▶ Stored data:
***

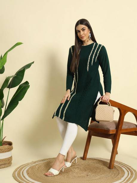 No girl’s wardrobe is complete without some trendy kurtis. Whether it's for workwear or casual wear, kurtis look great on women. However, as winter approaches, most of us tend to keep our kurtis packed inside and take out our winter clothing. Don't let your sense of style deteriorate with the fall in the temperature. This winter, don't limit your style to sweatshirts and pullovers, try something new like woolen kurtis. Whether you’re hanging out with friends on a cold winter night or going on a long drive in the cold, woolen kurtis are a welcome change to look stylish. So add a few woolen kurtis to your wardrobe and stay up to date.
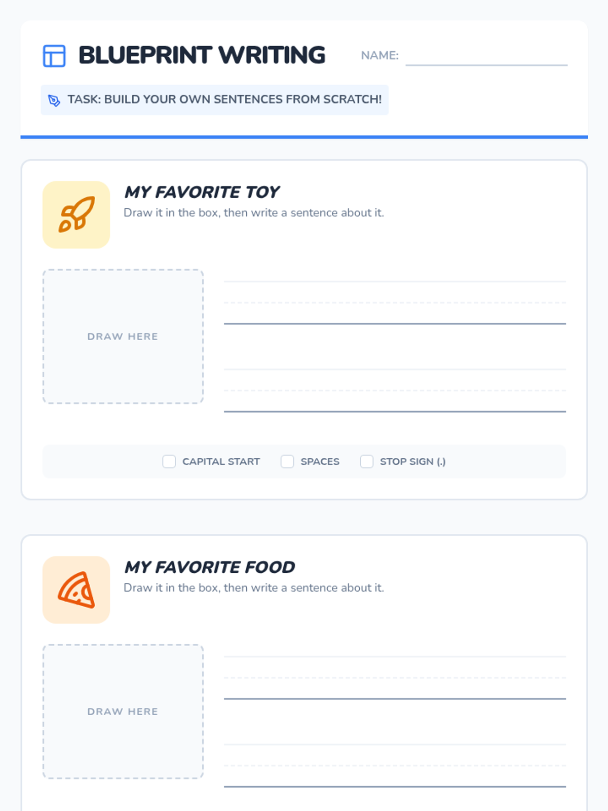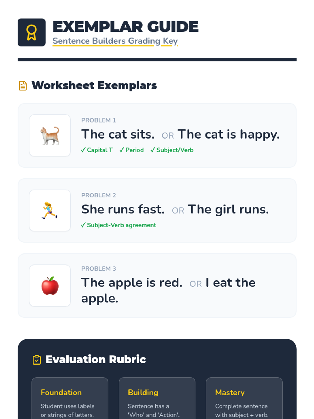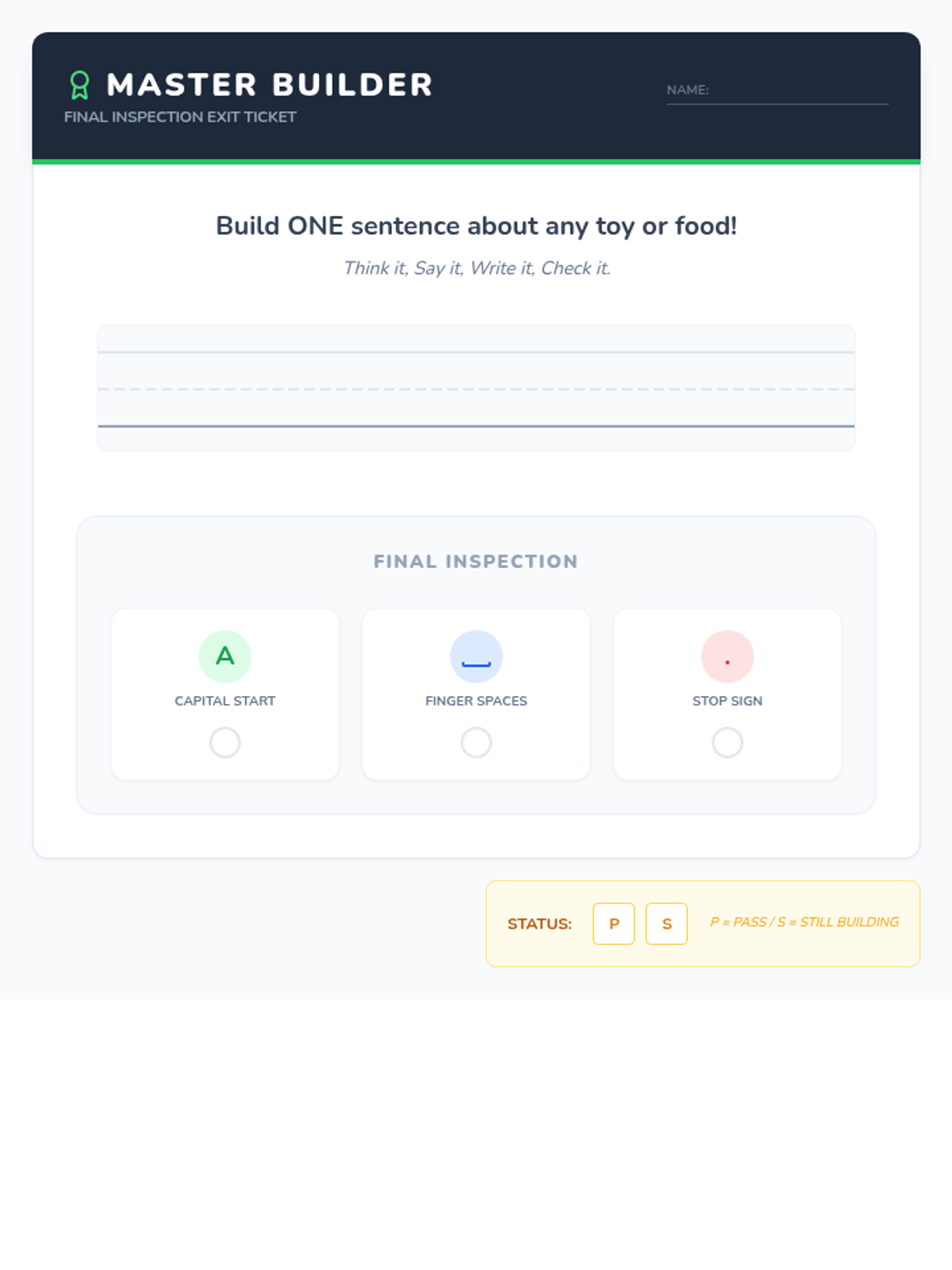 A foundational writing lesson for first-grade students focused on building complete sentences with correct capitalization, punctuation, and grammar using a 'Sentence Builders' theme.
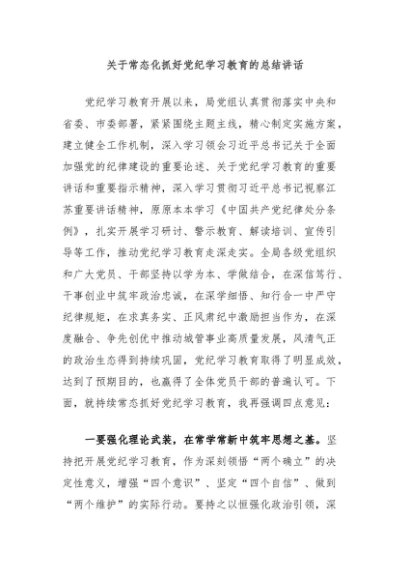 / 【七哥公文】2024年:关于常态化抓好党纪学习教育的总结讲话+更多免费公文+VX:QiGeGongWen2024
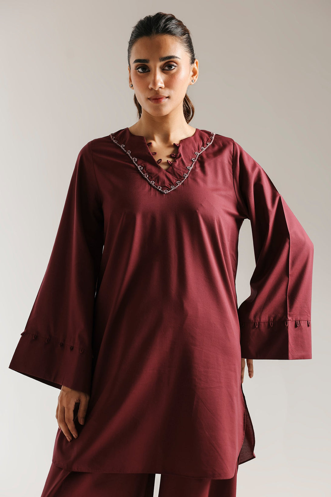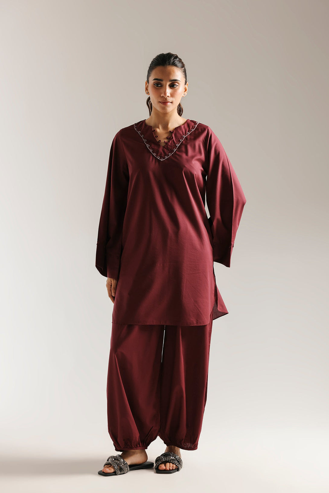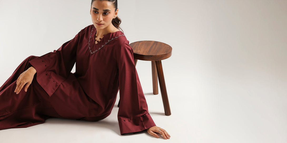 Experience refined simplicity with this elegant solid suit. This two-piece ensemble features a deep plum kurta with a sophisticated V-neckline adorned with subtle detailing for a touch of refined detail. The wide, flowing sleeves add a graceful touch, while the matching plum shalwar complete the look. This suit offers a clean, contemporary silhouette that is both comfortable and effortlessly stylish.
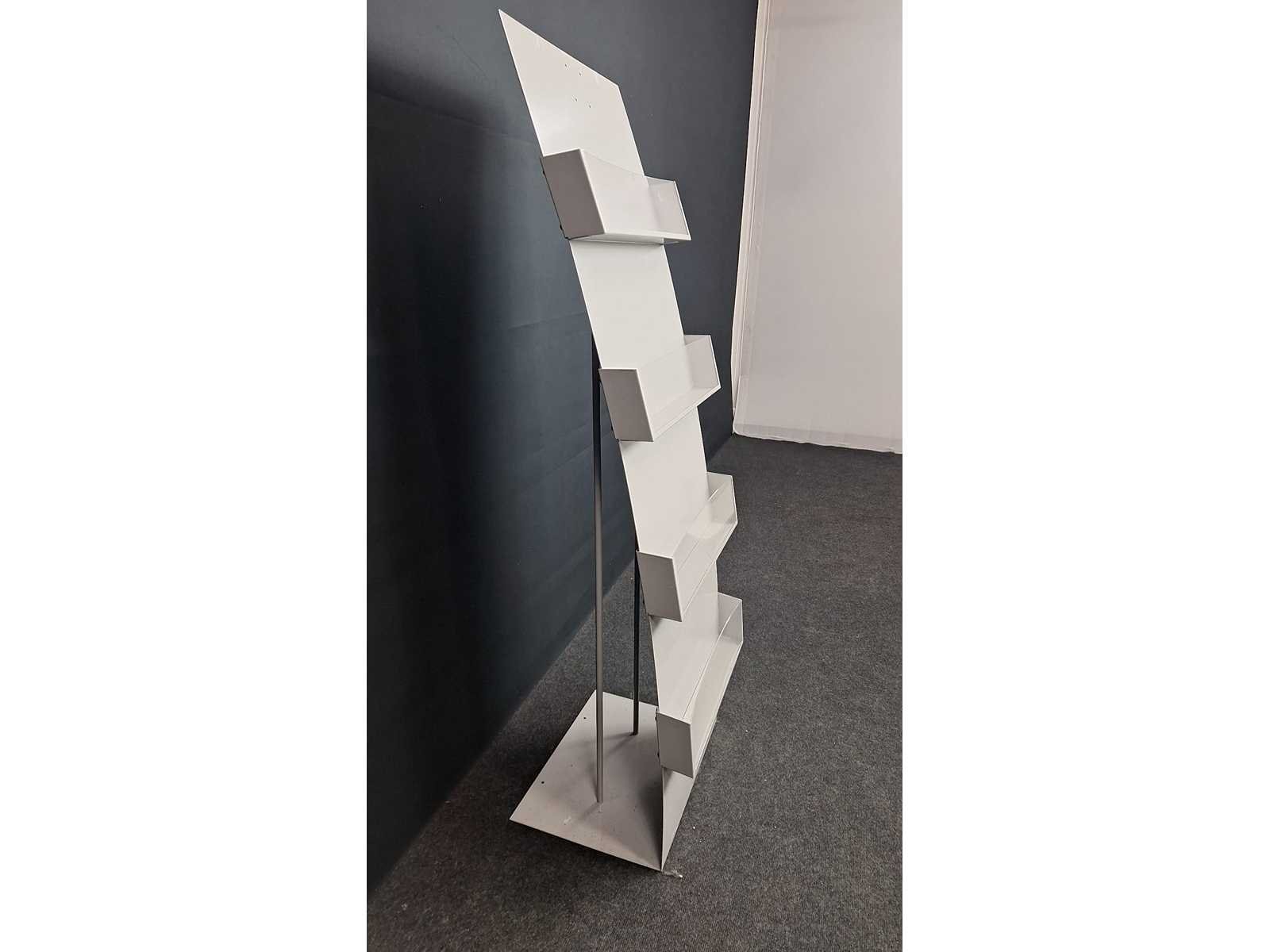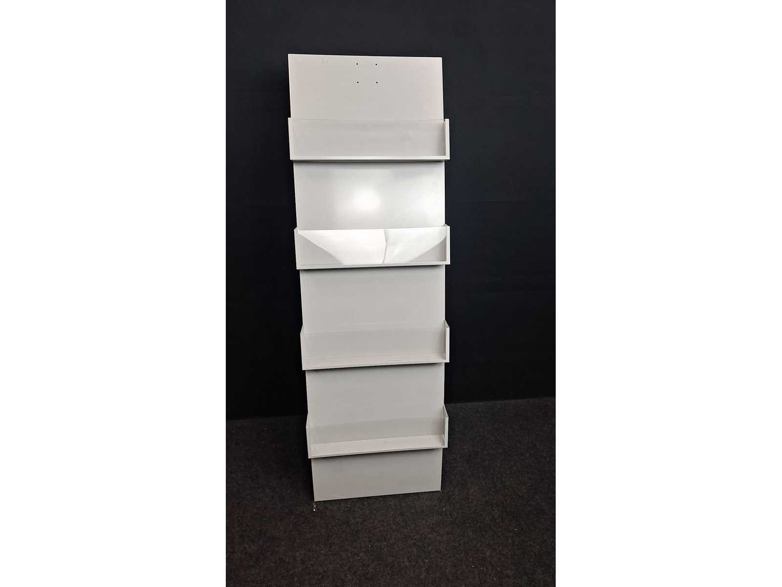 Folder voorzien van 4 houders in kunststof, lichte gebruikssporen mogelijk No Kleur: Alugrijs Gewicht: 30kg Breedte: 48cm Hoogte: 150cm Diepte: 35cm Materiaal: Metaal, kunststof

***

▶ EXERCISE REQUIREMENTS: Quote verbatim every line starting at the line that contains "Experience refined simplicity" and ending with the last line of the records; omit all pictures.

▶ WRITTEN ANSWER:
 Experience refined simplicity with this elegant solid suit. This two-piece ensemble features a deep plum kurta with a sophisticated V-neckline adorned with subtle detailing for a touch of refined detail. The wide, flowing sleeves add a graceful touch, while the matching plum shalwar complete the look. This suit offers a clean, contemporary silhouette that is both comfortable and effortlessly stylish.
 Folder voorzien van 4 houders in kunststof, lichte gebruikssporen mogelijk No Kleur: Alugrijs Gewicht: 30kg Breedte: 48cm Hoogte: 150cm Diepte: 35cm Materiaal: Metaal, kunststof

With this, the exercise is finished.